Re: hbase does not seem to handle mixed workloads well

2017-04-01 Thread 杨苏立 Yang Su Li
Yes, that is indeed the problem. It is caused by

1) HBase has a fixed number (by default 30) of RPC handlers (a reasonable
design choice)
2) RPC handlers block on HDFS reads (also a reasonable design choice)

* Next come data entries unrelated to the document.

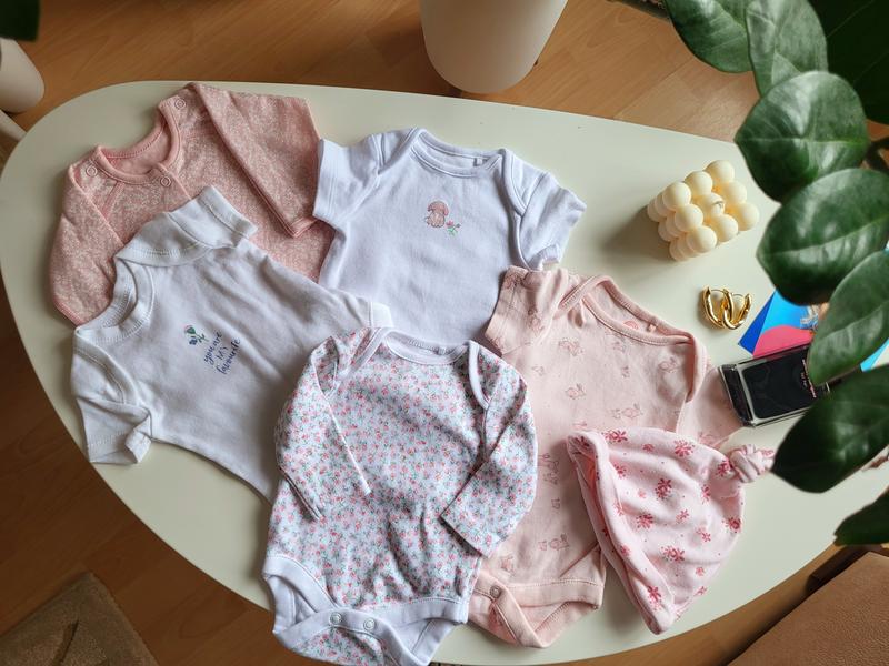чудовий комплект одягу для новонародженої дівчинки, створений з любов’ю та турботою про комфорт малечі. Ідеально підійде як для перших днів вдома, так і на виписку. Ціна за шт У наборі: Бодіки — м’які, зручні, приємні до тіла Кофтиночка — тепла та ніжна Шапульки — гарно сідають Все виконано зі складовою вовни
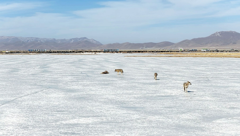 1月28日,有工作人员在巡护过程中,在封冻结冰的花湖湖面上拍到有狼群活动。
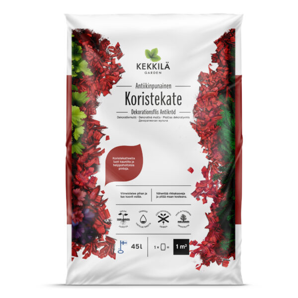Kekkilän koristekatteet ovat luonnonvärein värjättyä kotimaista puuhaketta. Kauniit, luonnolliset sävyt sopivat hyvin yhdisteltäväksi erilaisten kasvien, puu- ja kivipintojen sekä luonnonmateriaalien kanssa.
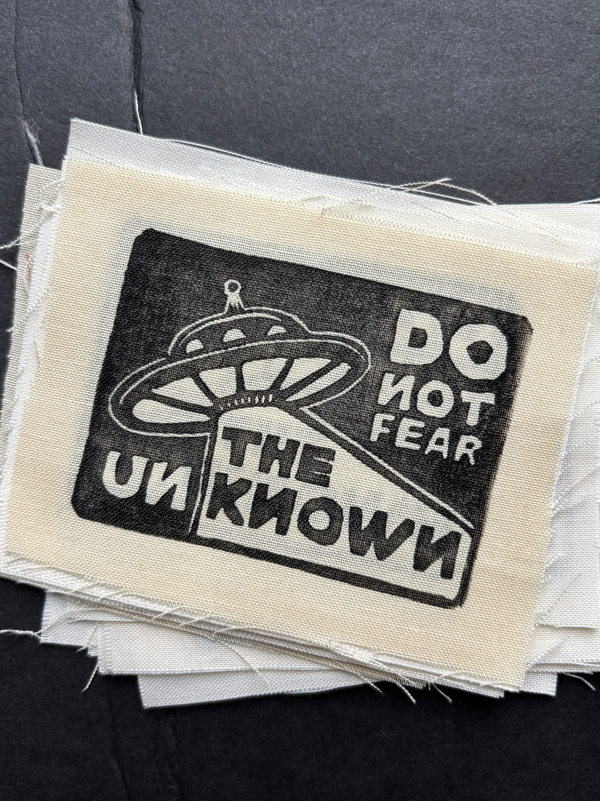 This listing is for one A/B-grade quality hand-stamped patch of my "Do Not Fear The Unknown" design. You will not get this exact patch pictured, but will get the exact design.
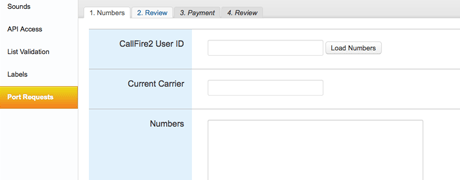Need to bring your existing numbers over to CallFire? No sweat! Just use the Port Numbers button to get to our Porting Request – Numbers section, which makes the process simple and painless!
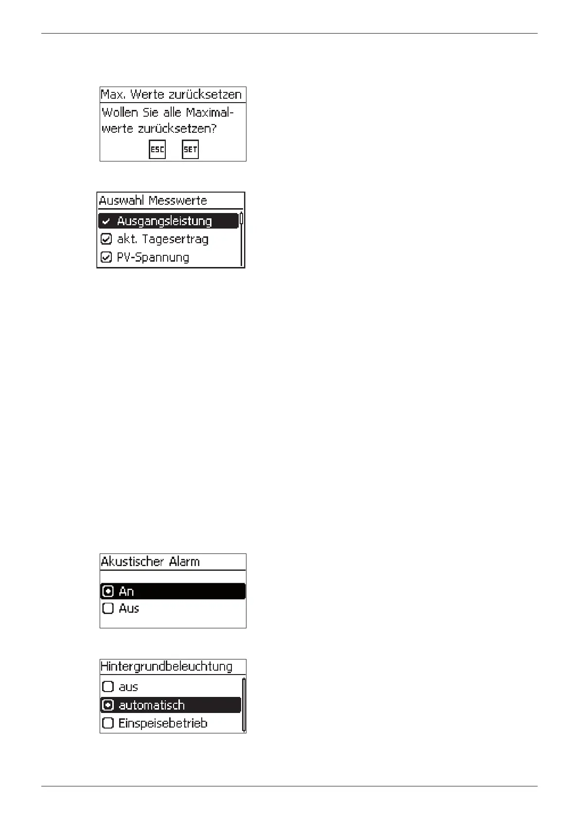 werden können. Folgende Messwerte können ausgewählt
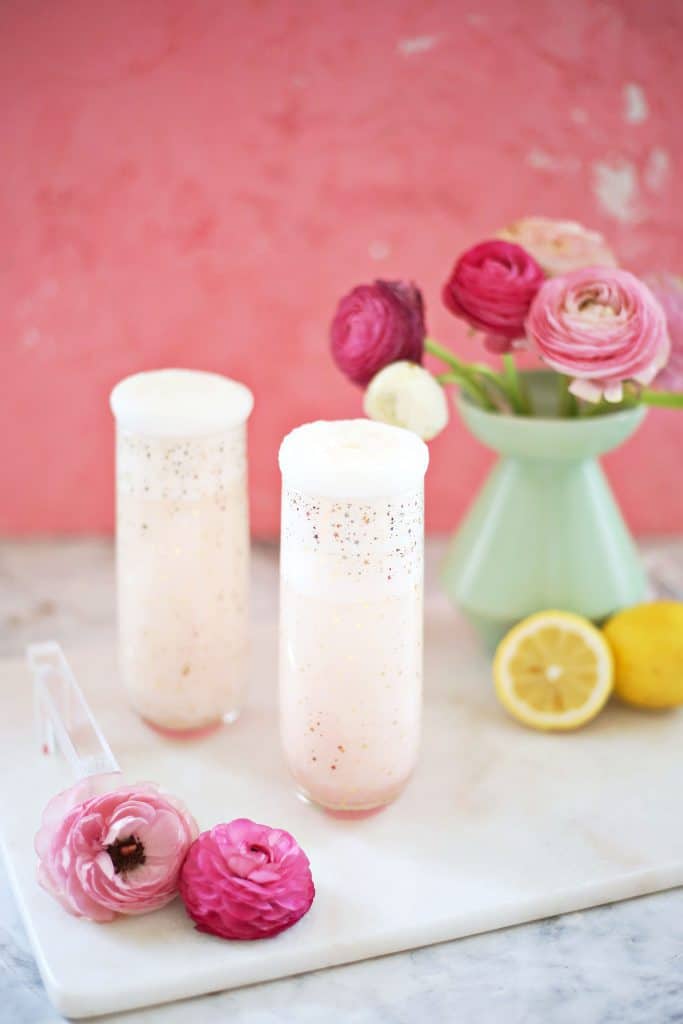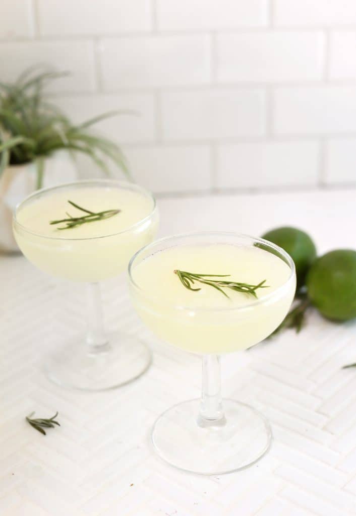 This cocktail is an upgrade from the classic Tom Collins with ingredients like chamomile flower-infused honey syrup and elderflower liqueur. And, it’s so pretty inside a daisy glass.
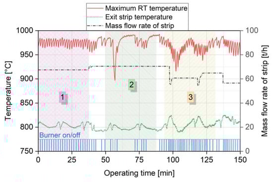 Radiant tube lifetime is influenced by its surroundings and their varying parameters resulting from process changes inherent in the operation of an annealing furnace of a CGL. The burners installed in recirculating radiant tubes are normally operated in on/off firing mode, in order to ensure better temperature uniformity on the tube as well as low NOx-emissions. The on-state corresponds to the burner operation at full-load (100% power). In temperature-controlled systems, the burner is switched to off-mode when a specified maximum temperature is reached. As soon as the temperature is too low, the burner is switched on again. Alternative furnace control systems operate based on the strip outlet temperature or the required energy input into the furnace. Model predictive control strategies can be used to anticipate the short term future process behavior and push the process towards its limits [5,6]. Additionally, a sequential firing logic is implemented into the furnace control system to set the burner on/off firing cycles for each radiant tube [7]. A radiant tube in a CGL furnace not only experiences cyclic thermal loading due to burner on/off firing but is also exposed to changes in temperatures arising from heat transfer (mainly radiative) to its neighboring tubes, the furnace chamber, and the passing strip. Figure 3 illustrates the influence of surroundings on the surface temperatures of a double-P-type radiant tube in an annealing furnace of a CGL for steel strips. The mass flow rate of strip is calculated as the product of the strip’s cross-section, its velocity magnitude, and its density, thus representing the change of strip parameters. Region 1 presents the classic case of tube temperatures under burner on/off operation, with firing cycle times of approx. 100 s. In contrast, Region 2 shows drastic changes in tube temperatures, even though no change in the mass flow rate of the strip (similar to Region 1) is observed. These changes can be attributed to the control strategy of the burners in this particular furnace zone, used to maintain the strip temperature at a defined level. Taking a closer look at Region 2, it is evident that the burner operates under full-load firing for large swathes of operating time. Region 3 delineates the standard case of change of tube temperatures due to variation in strip parameters. The process and control strategies of a particular furnace thus have a significant effect on the thermal loading of radiant tubes in a CGL furnace. In addition, the setups of the neighboring tubes in a CGL furnace play an important role in determining the local distribution of tube temperatures. Therefore, it becomes imperative to consider the effects of a radiant tube’s temperature changes caused by its surroundings in a CGL furnace under real operating conditions.
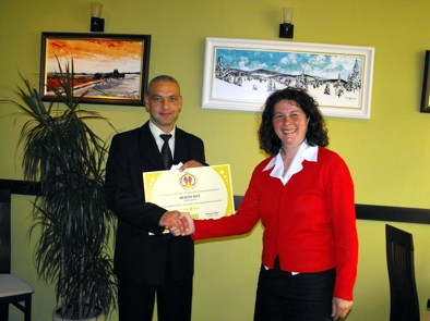 Ünnepélyes keretek között adta át tegnap a Civilek Háromszékért Szövetség (Civek) elnöke, Bereczki Kinga a Bertis Kft. üzletágmenedzserének, Solymosy Lászlónak az érdemoklevelet, amely a Civek által indított világhálós felmérés győztesének jár.
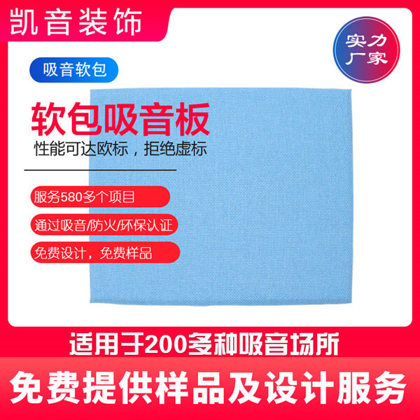 防撞防火軟包材質介紹:凱音防撞防火軟包常用規格:2400*600*25  1200*600*25  800*600*25  600*600*25 1200*400*25  800*400*25  600*400  等等規格。也可以根據實際需要規格定做生產,產品飾面采用阻燃布藝、或者阻燃裝飾皮革,飾面其可以做阻燃處理可達阻燃B1級防火標準,基材采用:A級不燃吸聲棉板雙面經過防塵玻纖氈處理后,可保證材質沒有粉塵掉落,棉板經聲學專業檢測機構檢測可提供專業聲學檢測報告,棉板基材厚度常用為:25mm  50mm  75mm  100mm等厚度,其他厚度可定做生產。
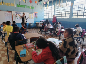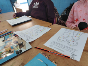 Personal del proyecto Fortalecimiento de los Sistemas de Protección y Garantía de Derechos de la Niñez y Adolescencia Migrante en Guatemala y Honduras, de PAMI, participó en la facilitación del taller con las y los niños de preprimaria sección B y segundo grado de primaria.
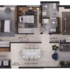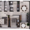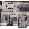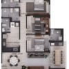 Com 94,52m² possui 2 suítes, 1 quarto, wc social, sala de jantar/estar com varanda gourmet, cozinha e área de serviço com wc.
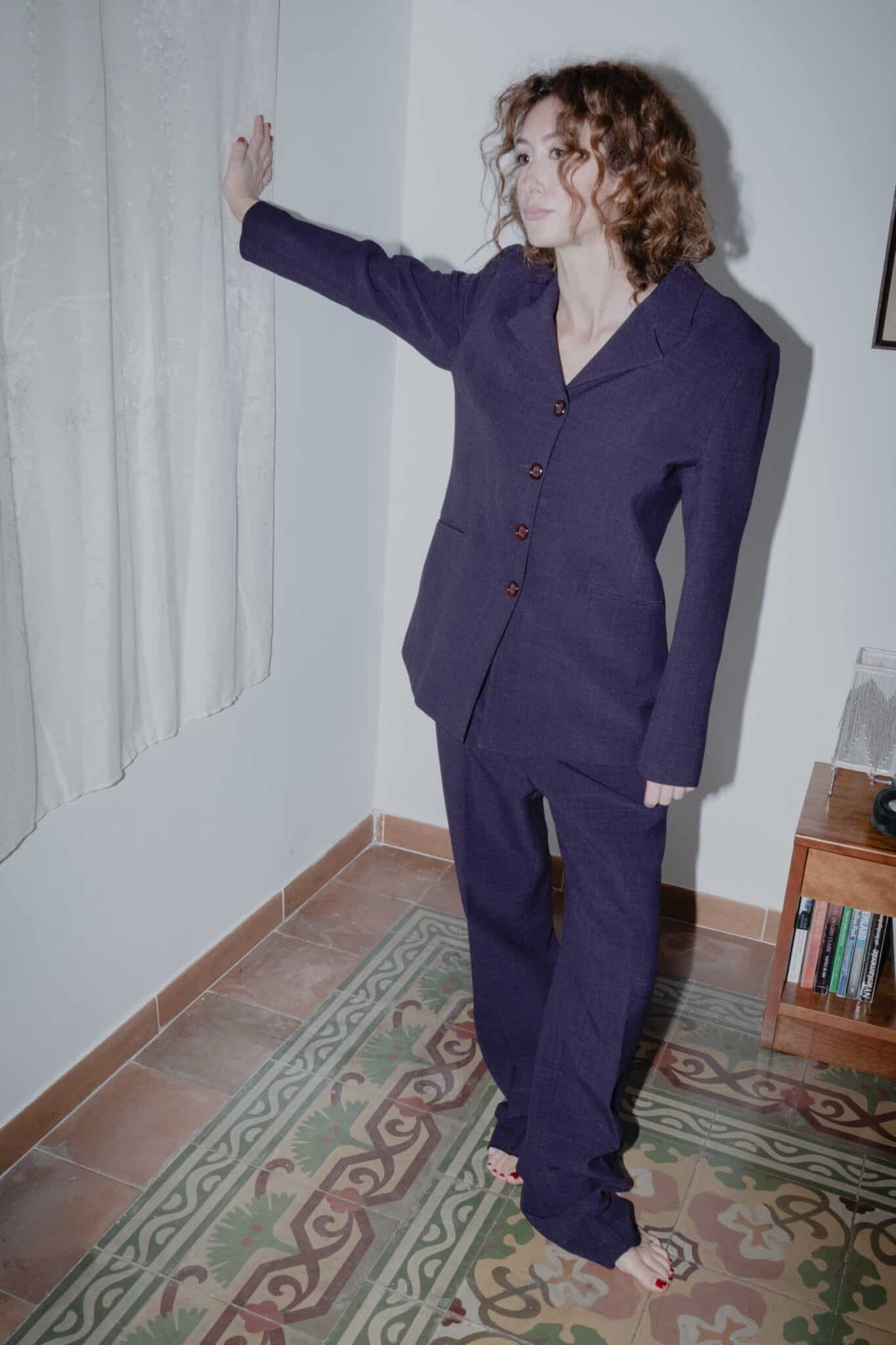purple longline blazer – structured longline blazer with shaping seams, refined shoulder construction and clean button closure. the longline cut follows the body naturally, supported by shaping seams that create a clean waist definition. shoulders are structured for a precise, tailored fit.
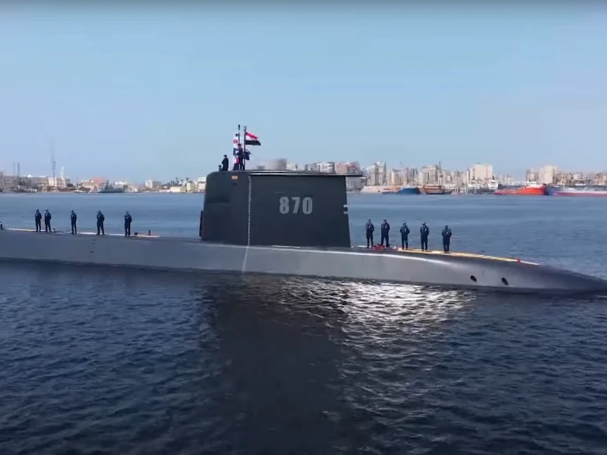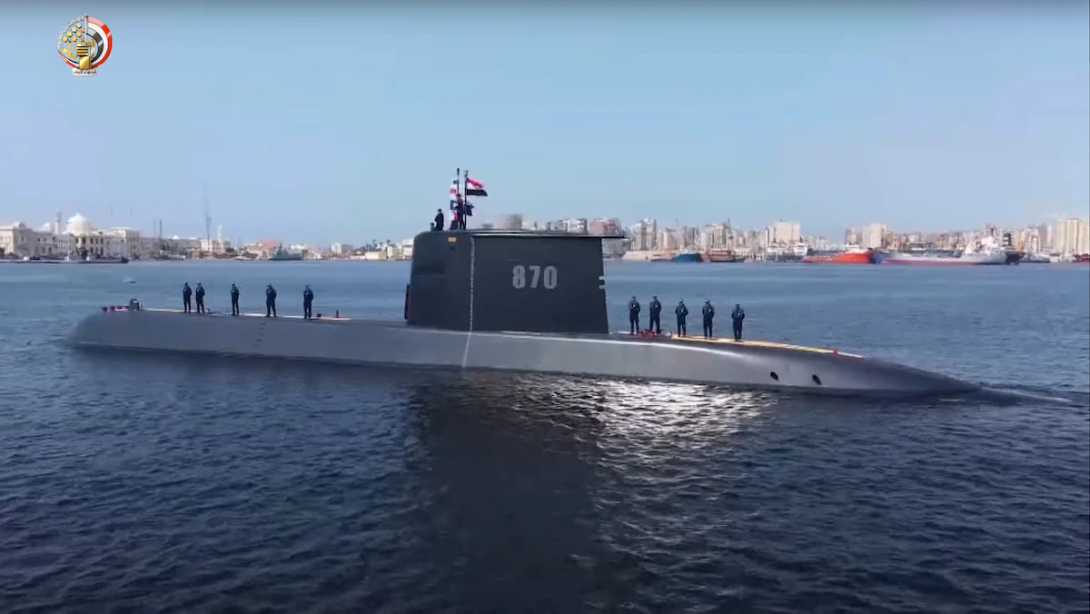 أعلنت القوات المسلحة المصرية، الاثنين، وصول غواصة ألمانية S44 من طراز (209/1400) إلى قاعدة الإسكندرية البحرية، قادمة من ميناء كيل الألماني بعد إبحارها بطاقمها المصري
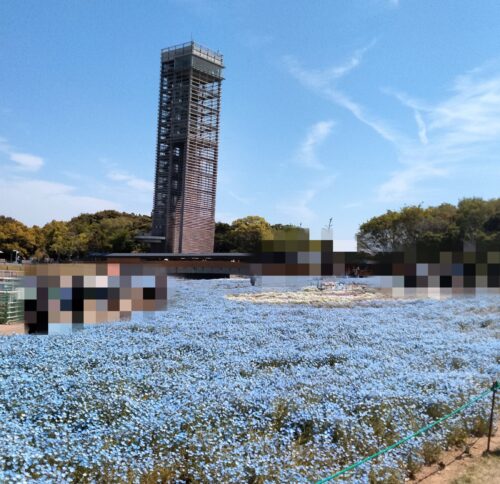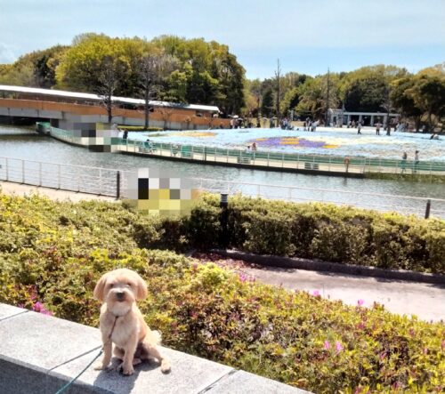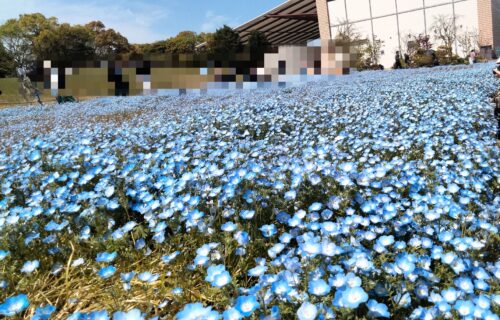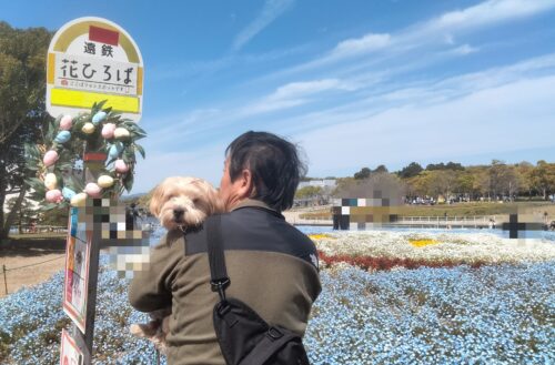 今日は、カンバン犬の散歩で浜名湖ガーデンパークに出かけました。ネモフィラがちょうど見頃で、多くの人が来ていました。
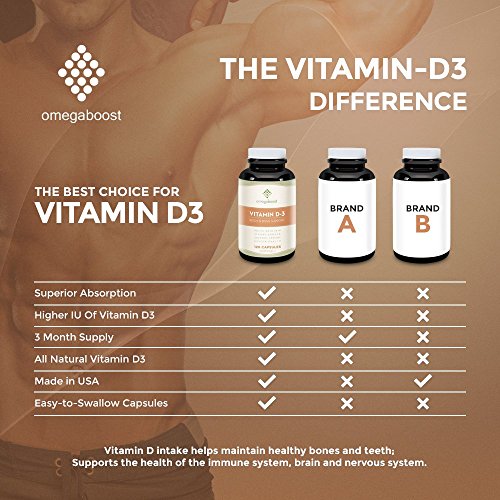 Omegaboost Vitamin D3 120 capsules comes with 5,000 IU of vitamin d3 for a 3 month supply!
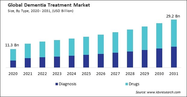 The Global Dementia Treatment Market size is expected to reach $29.2 billion by 2031, rising at a market growth of 7.4% CAGR during the forecast period.
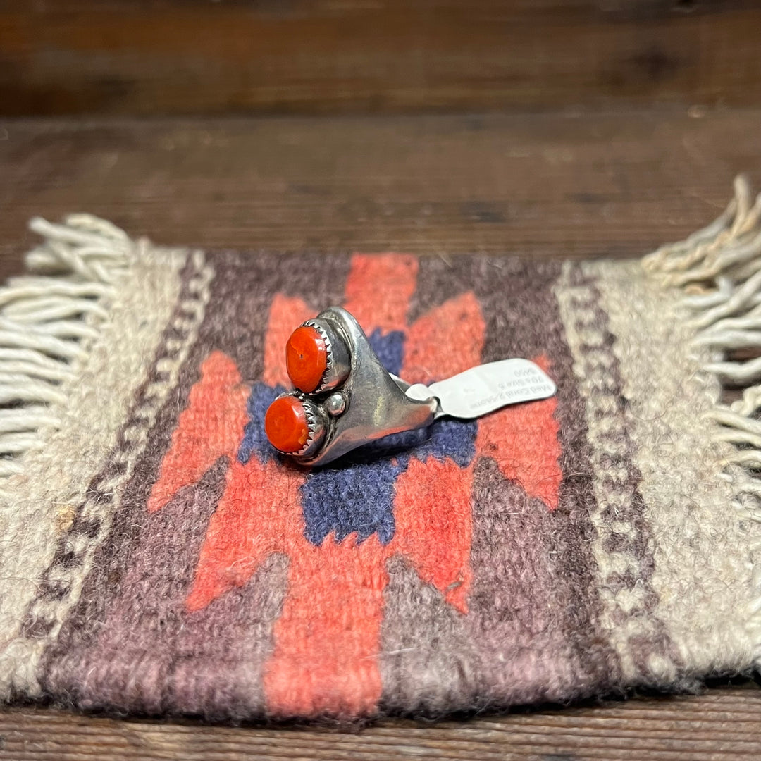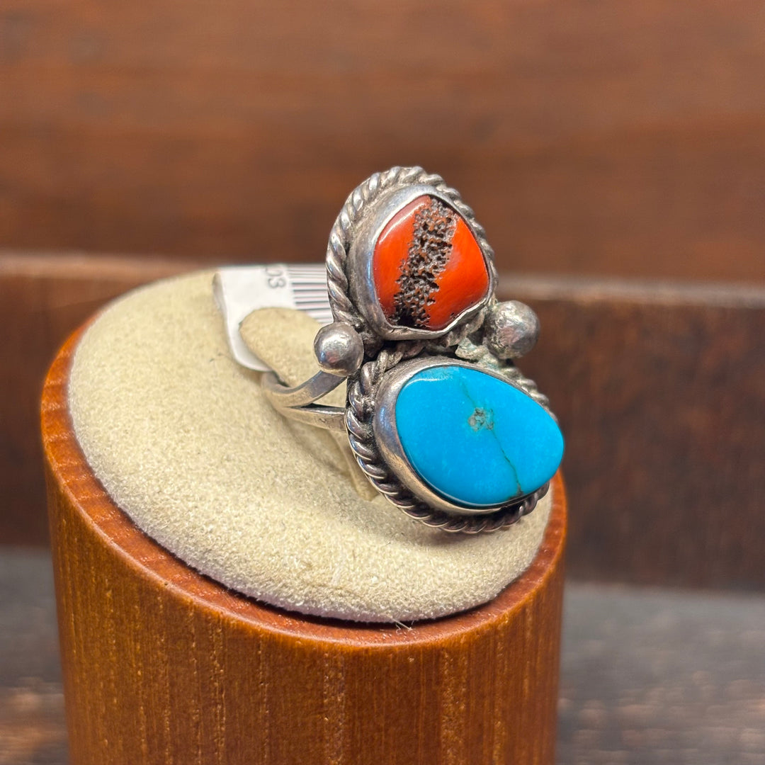 Coral and Arizona Turquoise Leaf Vintage 1970's Ring
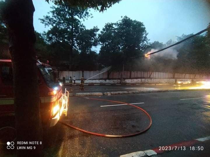 ဖြစ်စဥ်မှာ ကားလမ်းအလယ်ကနေ တစ်ဖက် အစိုးရဌာနဝန်းဘက်ကို သွယ်တန်းထားတဲ့ ဝါယာကြိုးတွေ မီးလောင်မှုဖြစ်ပွားတဲ့အတွက် မရမ်းကုန်းမြို့နယ် မီးသတ်စခန်းနဲ့ မရမ်းကုန်း EPC ကို တာဝန်သိပြည်သူတွေနဲ့ လူမှုကူညီရေးအသင်းတွေက အကြောင်းကြားတယ်လို့ သိရပါတယ်။
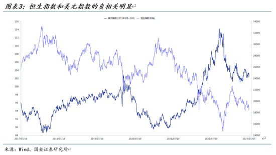 美元指数在美国经济下行和美联储转鸽的背景下或重新转为下行趋势,新兴市场股票或明显受益。正如前文所述,经济周期下行,服务业等滞后部门景气反转,美国经济基本面下行或对美元指数形成明显拖累。与此同时,美联储政策转鸽,也将进一步加剧美元指数下行趋势。回顾恒生指数和美元指数的走势,两者存在明显的负相关性。后续美元贬值趋势将促使港股等新兴市场股票不涨。

As the system has a higher load of I/O intensive workloads, all RPC
handlers would be blocked and no progress can be made for requests that do
not require I/O.

However, increasing number of threads seems to be an incomplete solution --
you run into the same problem with higher load of I/O intensive workloads...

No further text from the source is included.